「集合日」と呼ばれている稽古初日までの間、出演者である生徒たちの知らないところで、スタッフらは奔走しています。

最高の作品を作るため、その稽古をスムーズに行なうために、やらなければならないこと、細かく決めてゆかなければならないことは山のようにあるでしょう。何しろ大所帯ですからねぇ。それに芝居&ショーといった二本立ての場合がほとんどですから。


<スタッフを決める>

脚本&演出は、宝塚歌劇団専属の先生方。音楽や振付、衣装や装置なども、歌劇団専属のスタッフが大勢います。自分の書いた脚本を、どのスタッフに担当してもらうのか……。スタッフによって作品の雰囲気はガラッと変わるでしょうから、非常に重要なことですね。

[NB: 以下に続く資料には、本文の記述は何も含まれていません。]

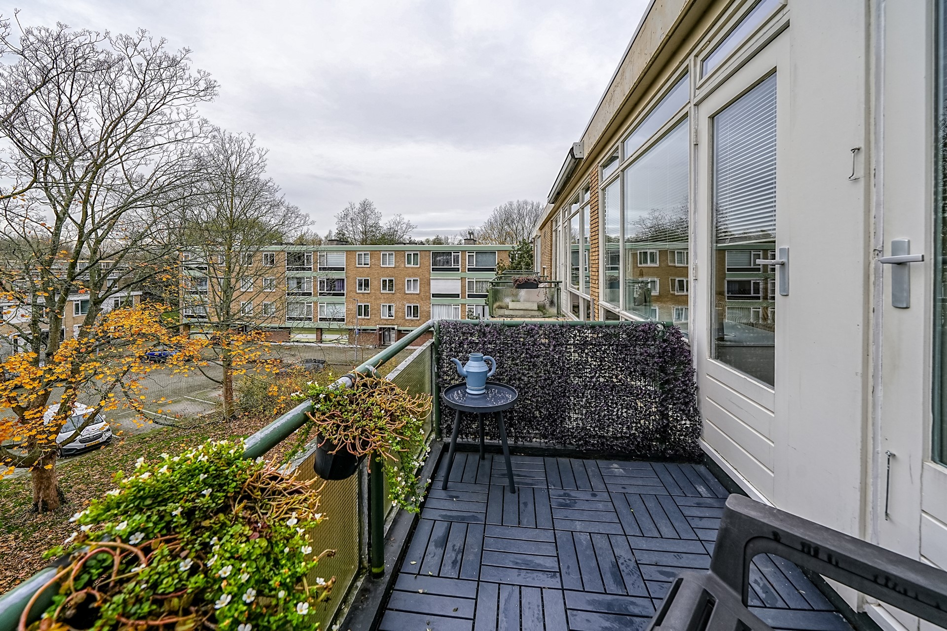 Op de 3e verdieping betreedt u de woning via de hal met bergkast voor wasmachine, droger en CV-opstelling; de meterkast bevindt zich in het trappenhuis. De lichte woonkamer aan de achterzijde beschikt over grote raampartijen en een eetgedeelte met toegang tot het ruime balkon. De inbouwkeuken (2016) ligt aan de voorzijde en biedt toegang tot het kleinere balkon.

ファンの方なら感じていらっしゃるように「●●先生演出の作品は、○○先生が音楽を担当する」といったケースが多々あります。多くを語らなくても、演出の意図を理解してもらえる“あうん”の呼吸といったところでしょうか。

ショーの振り付けに多いですが、歌劇団外部の方に担当してもらう場合もあります。中には今まで一度も宝塚の作品を作ったことのないスタッフもいます。外部のスタッフの場合、他の仕事との兼ね合いなど、稽古のスケジュール調整も苦労する点でしょう。